Task directions:
Of the entries below, return only those lines from the line with "Mocha-kynttilälyhty! Suupuhallettua lämpimän" to the line with "Featuring a top", exactly, both included.

The records:
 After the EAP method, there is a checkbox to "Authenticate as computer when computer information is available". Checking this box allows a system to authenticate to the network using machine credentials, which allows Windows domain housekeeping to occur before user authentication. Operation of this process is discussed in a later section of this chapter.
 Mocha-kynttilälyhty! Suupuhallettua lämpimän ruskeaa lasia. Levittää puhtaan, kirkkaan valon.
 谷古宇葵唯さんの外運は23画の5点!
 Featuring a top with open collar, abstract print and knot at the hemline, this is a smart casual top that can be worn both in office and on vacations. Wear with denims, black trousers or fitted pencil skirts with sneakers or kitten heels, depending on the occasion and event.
* * *
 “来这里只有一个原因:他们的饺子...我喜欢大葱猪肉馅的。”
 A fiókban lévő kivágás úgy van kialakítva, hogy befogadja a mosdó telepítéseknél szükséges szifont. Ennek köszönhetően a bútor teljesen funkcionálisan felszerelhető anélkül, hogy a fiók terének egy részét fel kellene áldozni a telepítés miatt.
...
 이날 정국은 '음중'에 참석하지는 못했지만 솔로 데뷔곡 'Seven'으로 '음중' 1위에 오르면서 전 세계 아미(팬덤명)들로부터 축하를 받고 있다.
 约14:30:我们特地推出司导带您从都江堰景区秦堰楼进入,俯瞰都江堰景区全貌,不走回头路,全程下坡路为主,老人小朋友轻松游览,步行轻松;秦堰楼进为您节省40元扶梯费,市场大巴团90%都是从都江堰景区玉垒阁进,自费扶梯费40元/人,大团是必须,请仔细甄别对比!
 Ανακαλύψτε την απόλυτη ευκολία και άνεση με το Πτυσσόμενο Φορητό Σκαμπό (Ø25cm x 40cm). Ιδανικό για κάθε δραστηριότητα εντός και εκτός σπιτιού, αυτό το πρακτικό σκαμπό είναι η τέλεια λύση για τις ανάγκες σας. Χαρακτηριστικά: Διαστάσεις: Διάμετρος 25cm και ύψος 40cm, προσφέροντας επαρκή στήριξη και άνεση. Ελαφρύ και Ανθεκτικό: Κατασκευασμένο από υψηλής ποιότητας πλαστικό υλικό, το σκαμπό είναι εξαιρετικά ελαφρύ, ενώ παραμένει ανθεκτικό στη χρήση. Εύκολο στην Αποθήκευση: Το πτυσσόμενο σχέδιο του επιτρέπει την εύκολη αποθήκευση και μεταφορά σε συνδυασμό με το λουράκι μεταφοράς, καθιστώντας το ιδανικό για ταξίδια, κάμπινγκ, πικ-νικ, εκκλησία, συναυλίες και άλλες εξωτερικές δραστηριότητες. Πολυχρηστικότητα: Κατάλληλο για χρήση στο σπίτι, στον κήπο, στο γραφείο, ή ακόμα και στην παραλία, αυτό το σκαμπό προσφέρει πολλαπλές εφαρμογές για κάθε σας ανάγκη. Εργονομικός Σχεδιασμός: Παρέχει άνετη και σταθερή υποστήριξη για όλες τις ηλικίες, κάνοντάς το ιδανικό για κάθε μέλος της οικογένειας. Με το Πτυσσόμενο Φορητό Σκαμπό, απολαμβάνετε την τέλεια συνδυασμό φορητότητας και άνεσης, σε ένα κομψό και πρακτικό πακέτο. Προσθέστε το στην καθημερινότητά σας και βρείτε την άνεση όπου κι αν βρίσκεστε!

The answer:
 Mocha-kynttilälyhty! Suupuhallettua lämpimän ruskeaa lasia. Levittää puhtaan, kirkkaan valon.
 谷古宇葵唯さんの外運は23画の5点!
 Featuring a top with open collar, abstract print and knot at the hemline, this is a smart casual top that can be worn both in office and on vacations. Wear with denims, black trousers or fitted pencil skirts with sneakers or kitten heels, depending on the occasion and event.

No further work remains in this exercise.